Model Finetuning

The Finetune section of the BioLM Console allows you to train and personalize your own biological language modelsusing your private datasets.

Finetuning lets you adapt BioLM’s pretrained foundation models (for proteins or DNA) to your specific task - such as custom classification, property prediction, or de novo sequence generation.

Each model type is presented as a card with:

Model Type – the kind of base model being finetuned (e.g. protein classifier, DNA classifier).
Description – what the model does and typical use cases.
API Link – opens the API documentation for the selected finetuning workflow.
Finetune New Model – starts a new finetuning job through the console.

Available Finetuning Workflows

Protein Classifier

Fine-tune one of the largest pretrained protein language models (ESM2) on your own labeled sequence data.

Your model learns to classify protein sequences based on user-defined categories or functional labels.

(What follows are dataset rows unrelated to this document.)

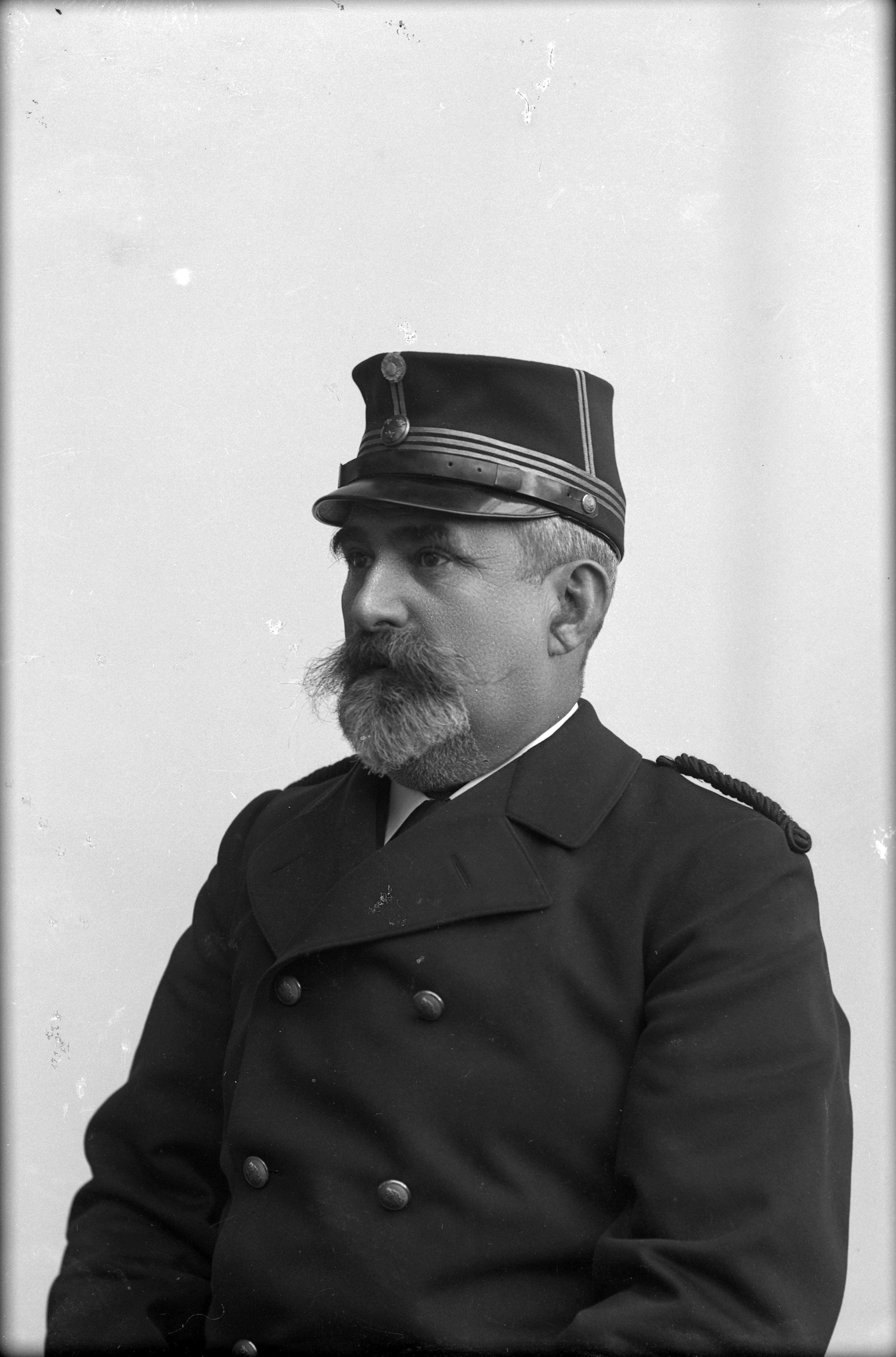 Porträtt i halvfigur av regementsveterinär Hedvall, iklädd militäruniform.
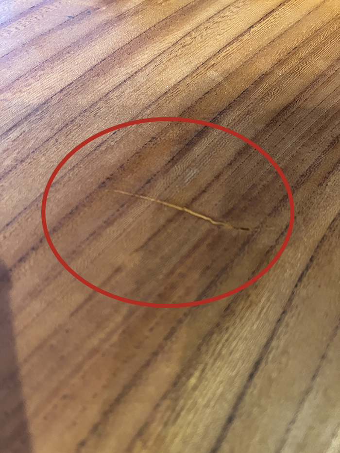木の呼吸と収縮による自然な現象なのですが、「テーブル」として使っているため、拭いた時にちょっと引っかかりがある感じ。
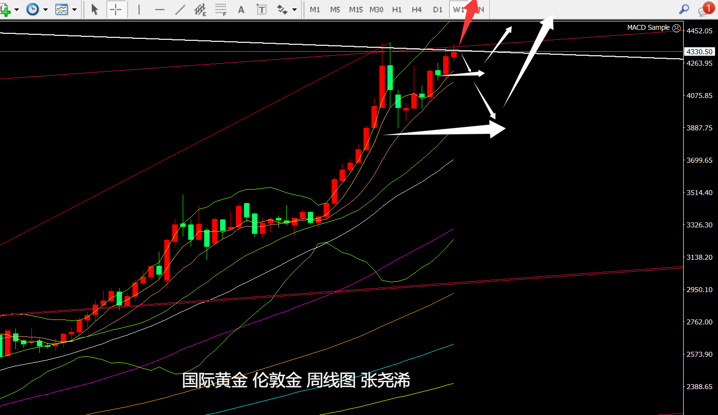 周线级别,金价目前反弹受到之前历史高点触及的趋势线压力附近,动力有所减弱,未能突破增强多头,附图指标信号也有所偏弱,有回撤至5-10周均线附近4200美元关口附近的风险,以及更低位置的中轨支撑附近的预期,跟根据目前牛市攀升的节点来看,如有回撤触及,也是再次入场看涨的机会,反正如突破阻力持稳,则可顺势跟进看涨上行。
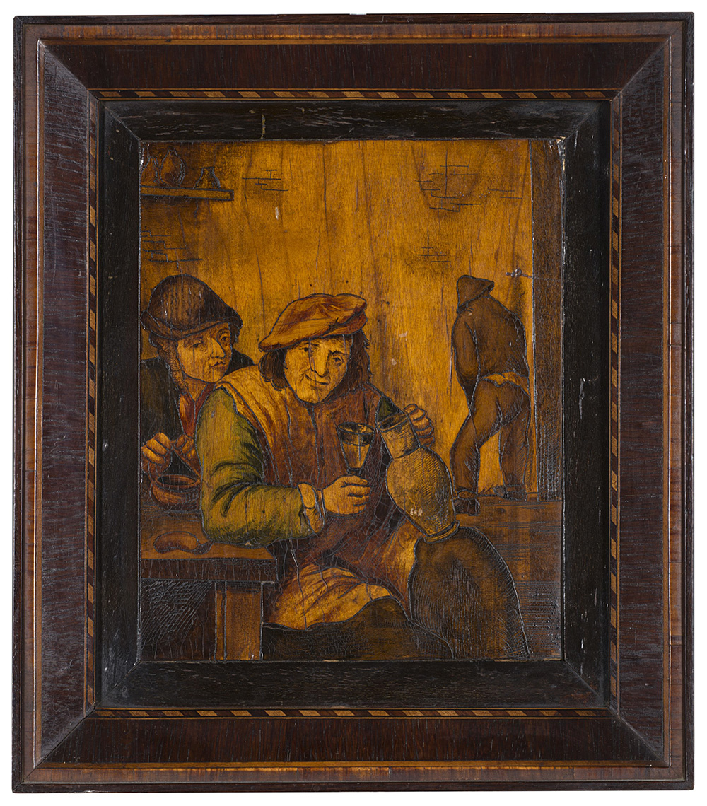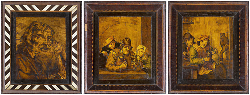 Lot 1064 | Gruppo di tre pannelli in legno intarsiato a scene di osteria e ritratto (cm...
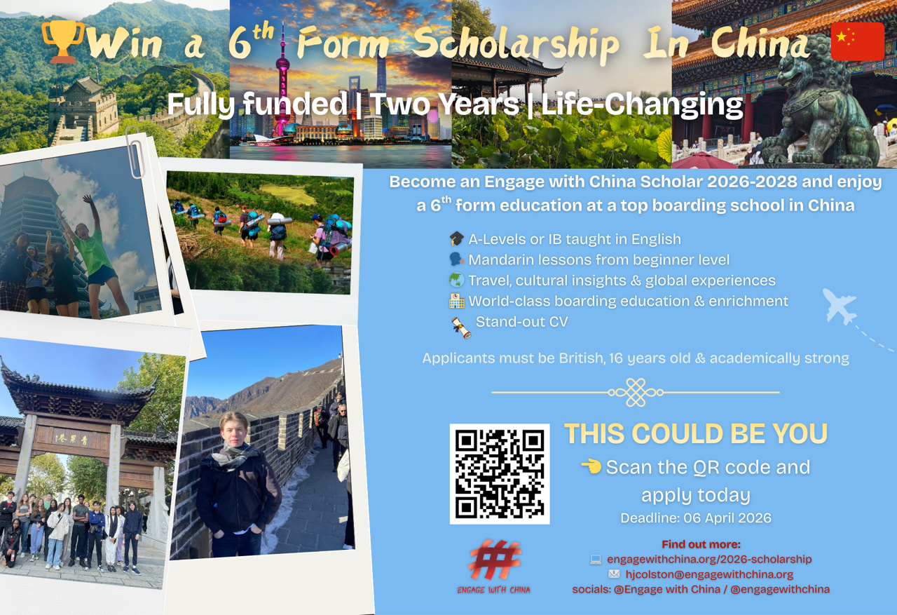 Win a 6th Form Scholarship in China Learn more about how your students can obtain a scholarship to spend time on placement in Chinahttps://engagewithchina.org/2026-scholarship/ EducationWill PowellMarch 18, 2026 Facebook0 Twitter LinkedIn0 Reddit Tumblr 0 Likes
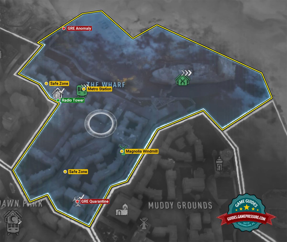 There is 1 safe zone in The Wharf. It allow you to hide from zombies and pass the night safely. You can often find collectibles in these zones.
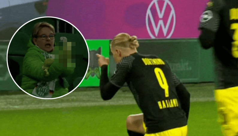 [상대팀 팬과 함께한 홀란드의 세레머니.gif] 카메라맨 센스 ㅋㅋㅋㅋㅋㅋㅋㅋㅋㅋㅋ 아주머니 주먹 감자ㅋㅋㅋ
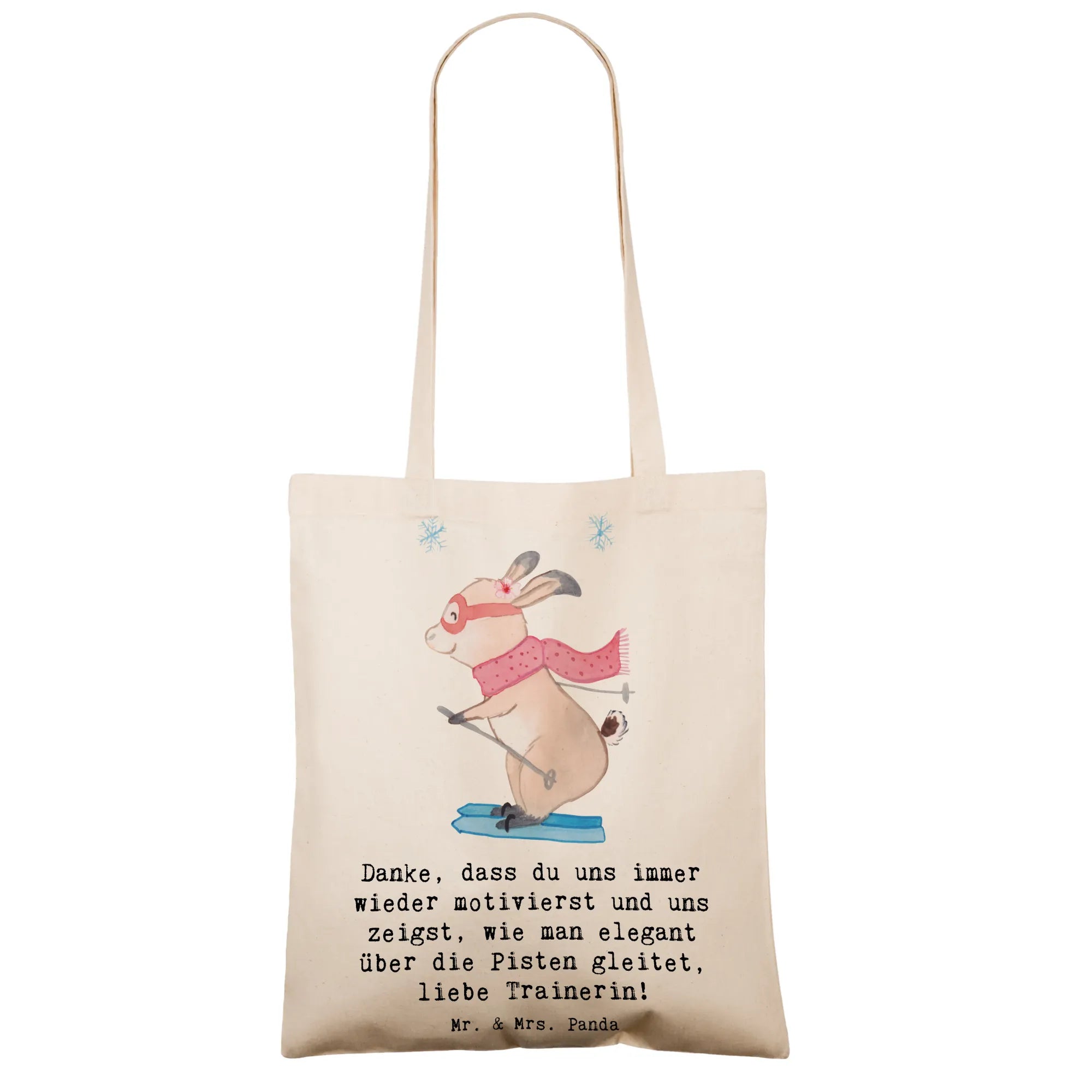Tote bag Danke, dass du uns immer wieder motivierst und uns zeigst, wie man elegant über die Pisten gleitet, liebe Trainerin! Stofftasche, Einkaufstasche, Tasche, Einkaufstüte, Strandtasche, Tragetasche, Schultertasche, Laptoptasche, Beuteltasche, Umhängetasche, Stoffbeutel, Shopper, Jutebeutel, Beutel, Badetasche, Jutetasche, Geschenk, Sport, Sportart, Hobby, Schenken, Danke, Dankeschön, Auszeichnung, Gewinn, Sportler
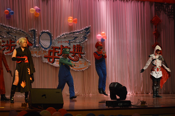晚會(huì)以演出的方式詮釋晚會(huì)創(chuàng)業(yè)篇、發(fā)展篇和未來篇三個(gè)環(huán)節(jié)。舞臺(tái)上,朗誦鏗鏘有力,舞蹈熱情奔放,歌唱優(yōu)美動(dòng)聽,小品令人深思。晚會(huì)以豐富精彩的內(nèi)容,強(qiáng)烈的視覺和聽覺沖擊為大家呈上了一席娛樂大餐。尤其是我院禮儀隊(duì)及動(dòng)漫社的風(fēng)采展示《秀出我們的未來》充滿美感,秀出大學(xué)生的特點(diǎn),秀出涉外的特色,將晚會(huì)推向了高潮。伴隨著一幕又一幕的精彩演出,一句又一句的微博祝福,晚會(huì)在全體教師合唱《相親相愛》中落下帷幕。
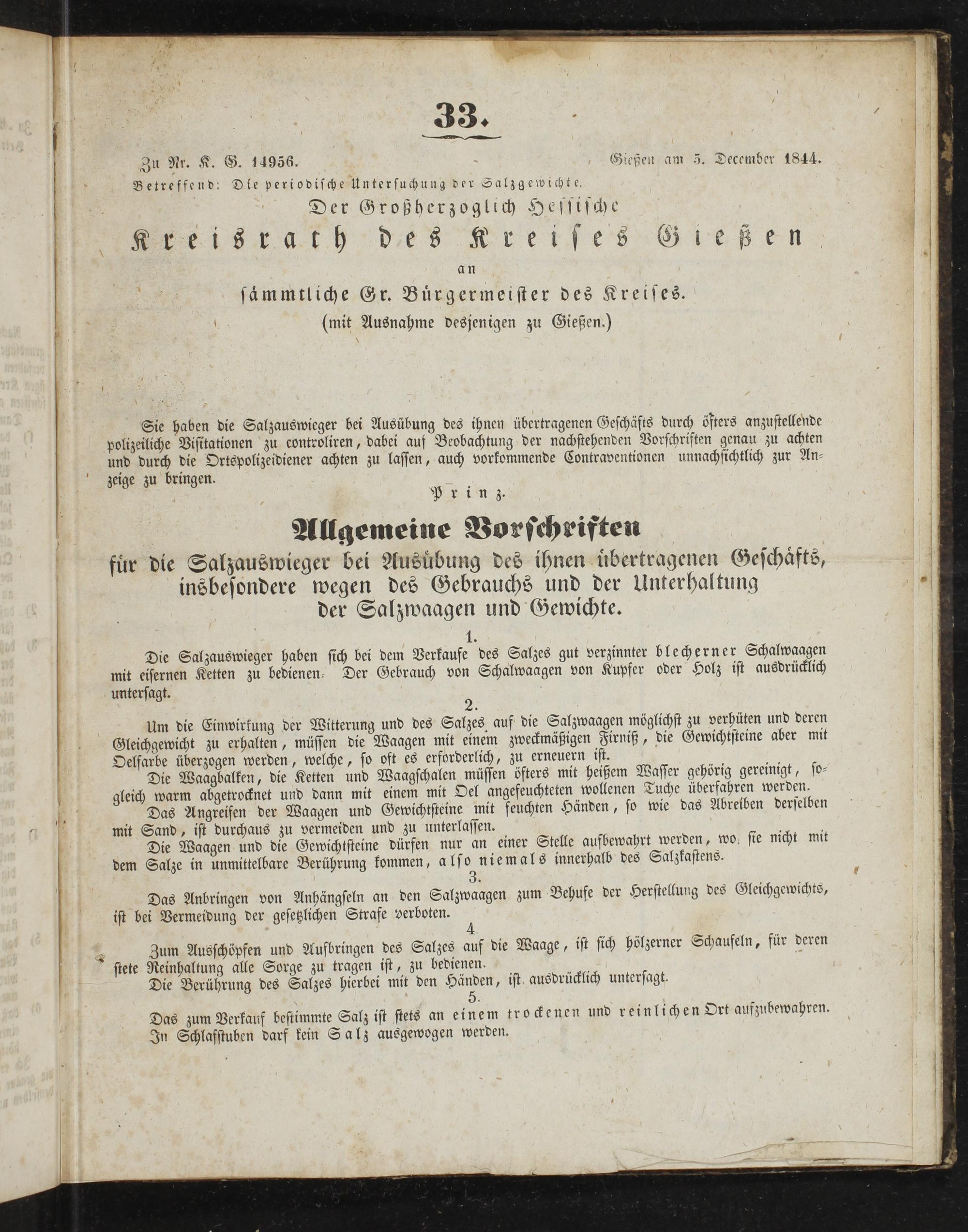 Zu Nr. K. G. 14956. a Gießen am 5. December 1844. Betreffend: Die periodische Untersuchung der Salzgewichte. Der Großherzoglich Hessische ah des Kreises Gießen an saͤmmtliche Gr. Buͤr germeister des Kreises. ö(mit Ausnahme desjenigen zu Gießen.)
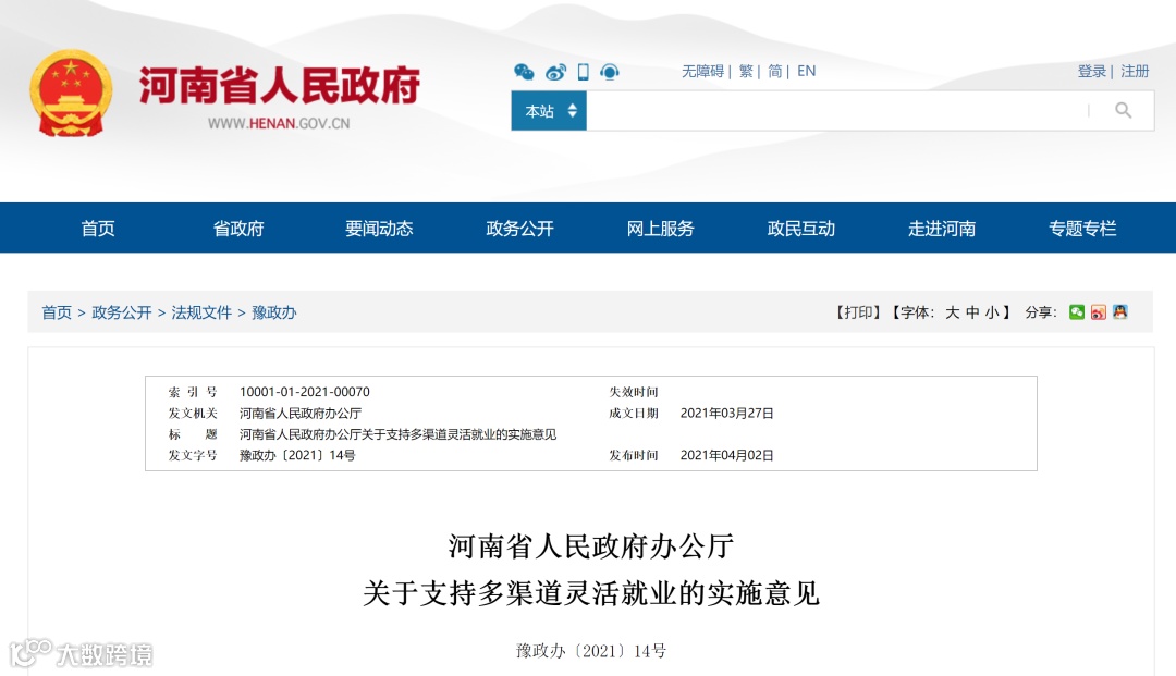 支持多渠道灵活就业,落实保居民就业任务河南省政府办公厅近日出台《关于支持多渠道灵活就业的实施意见》,14条给力措施为灵活就业保驾护航。
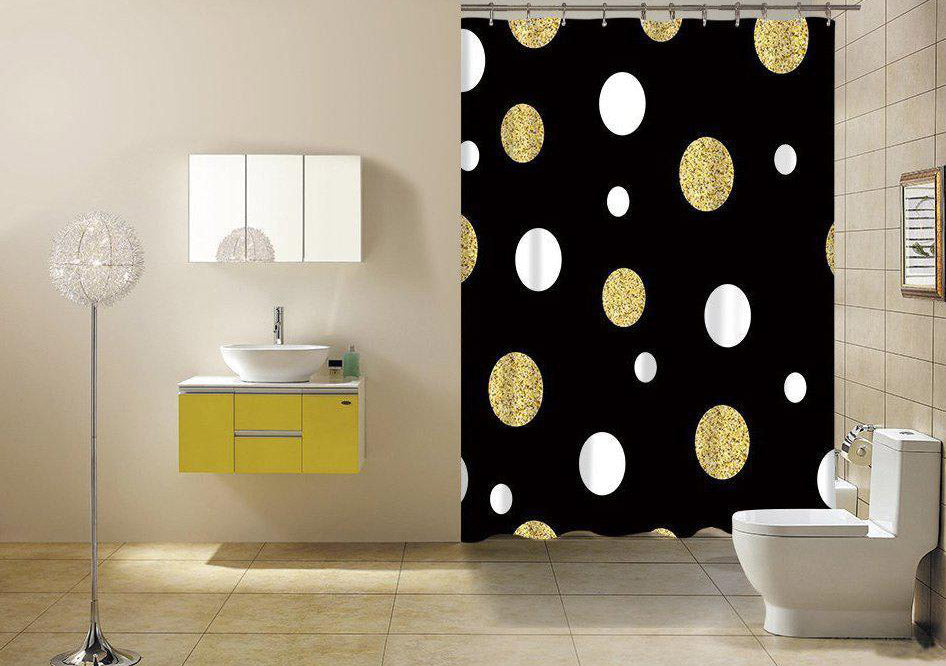 Pořiďte si svůj **Černý sprchový závěs se třpytivými puntíky** ještě dnes!

The resulting model is deployed as a GPU-backed API endpoint for inference, enabling:

Custom sequence classification
Prediction of probabilities or confidence scores for new sequences
Reuse of your personalized model via the API or SDK

Protein Generator

Adapt a generative protein model to your own dataset to create new, biologically coherent sequences.

Fine-tuned models can:

Generate de novo protein sequences consistent with your data
Explore new areas of “sequence space” guided by structure or functional similarity
Be used via the API to produce optimized sequences for experimental validation

Only positive-class sequences (e.g., known active or functional examples) are required for training.

DNA Classifier

Fine-tune a DNA-based BERT model for classification tasks such as promoter prediction, splice site detection, or transcription factor binding site analysis.

You can:

Upload or connect NGS or public datasets
Train classifiers for genomic features or functional labels
Export DNA embeddings for use in downstream ML workflows

Fine-tuned models achieve up to 99% AUC on benchmark tasks and can be accessed via API for batch or online inference.

How to Finetune a Model

Select a finetuning workflow (e.g. Protein Classifier).
Click Finetune New Model to begin setup.

Provide:
- Input dataset (FASTA or CSV format depending on workflow)
- Training configuration (epochs, batch size, validation split, etc.)
- Output model name and description
Launch the job and monitor progress from your workspace.
Once complete, your model will appear as a deployable endpoint accessible through the BioLM SDK or REST API.

Typical Use Cases

Custom protein function prediction
Antibody classification or paratope identification
Genomic site prediction or regulatory element detection
Generation of novel protein variants aligned to your own experimental data

Notes

Finetuning jobs consume GPU compute; ensure your workspace has sufficient budget or quota.
You can view API examples and deployment details through the API link on each model card.
Finetuned models are stored securely under your workspace and can be shared with team members in collaborative plans.